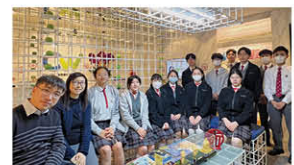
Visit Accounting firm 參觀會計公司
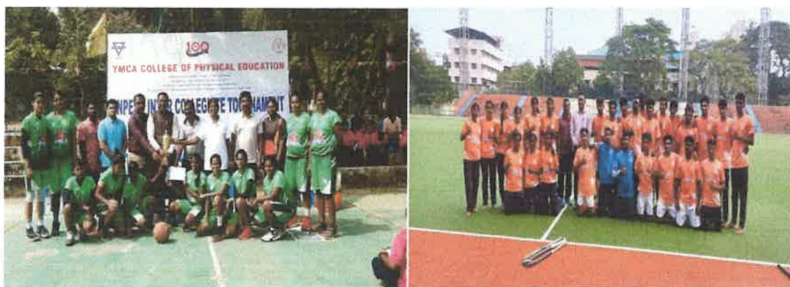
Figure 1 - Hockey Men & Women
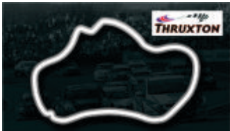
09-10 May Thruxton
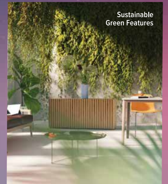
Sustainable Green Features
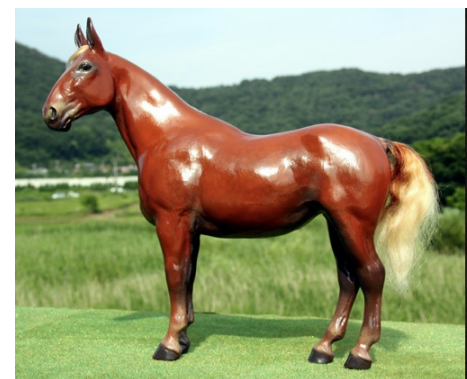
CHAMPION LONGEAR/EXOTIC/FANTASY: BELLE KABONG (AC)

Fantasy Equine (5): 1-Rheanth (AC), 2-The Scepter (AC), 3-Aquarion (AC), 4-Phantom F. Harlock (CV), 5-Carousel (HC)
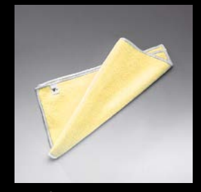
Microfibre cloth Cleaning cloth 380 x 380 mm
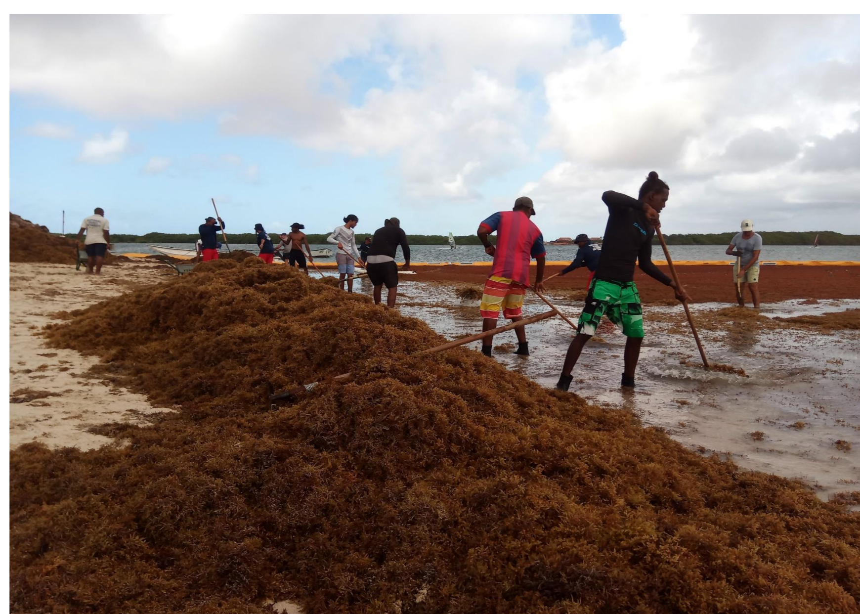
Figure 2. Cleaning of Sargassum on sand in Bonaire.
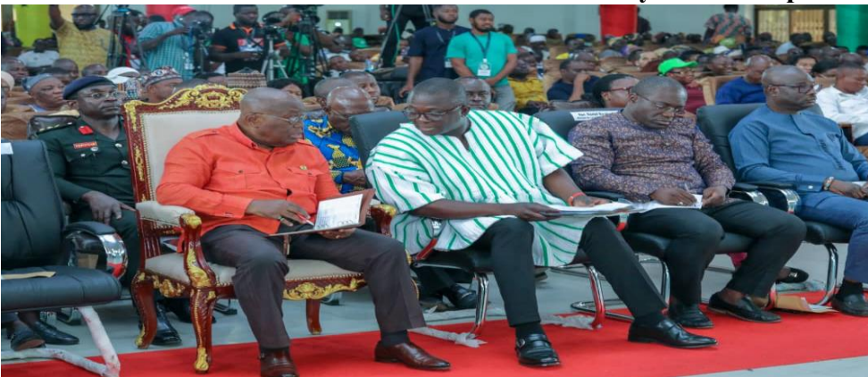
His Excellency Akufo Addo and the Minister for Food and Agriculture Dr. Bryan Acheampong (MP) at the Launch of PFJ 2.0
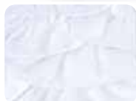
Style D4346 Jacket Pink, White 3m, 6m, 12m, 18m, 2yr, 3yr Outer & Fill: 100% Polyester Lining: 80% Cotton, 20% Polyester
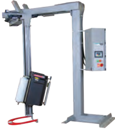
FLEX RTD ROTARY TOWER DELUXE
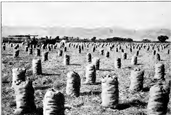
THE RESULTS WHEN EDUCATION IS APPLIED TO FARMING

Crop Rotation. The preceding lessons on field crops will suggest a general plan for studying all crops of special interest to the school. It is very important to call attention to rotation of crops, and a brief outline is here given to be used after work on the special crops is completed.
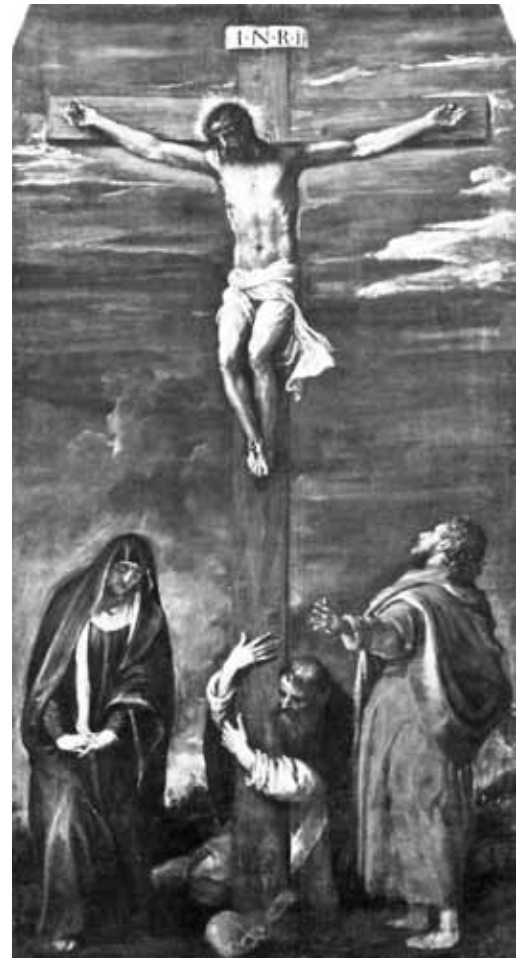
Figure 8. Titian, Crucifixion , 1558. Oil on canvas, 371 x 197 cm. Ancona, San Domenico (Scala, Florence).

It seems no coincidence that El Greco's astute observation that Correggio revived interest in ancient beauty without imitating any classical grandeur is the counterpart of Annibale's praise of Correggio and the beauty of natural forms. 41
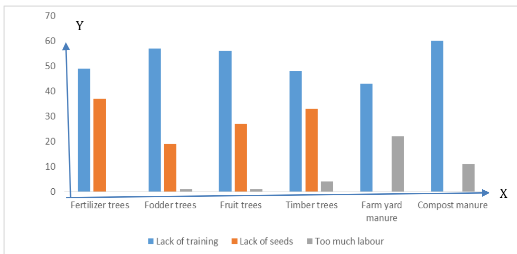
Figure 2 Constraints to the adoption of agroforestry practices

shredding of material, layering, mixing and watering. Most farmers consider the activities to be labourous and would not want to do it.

____________

EXERCISE DIRECTIONS: When a line in the material includes the word "Cleaning", copy it out.

RESPONSE AREA:
Microfibre cloth Cleaning cloth 380 x 380 mm
Figure 2. Cleaning of Sargassum on sand in Bonaire.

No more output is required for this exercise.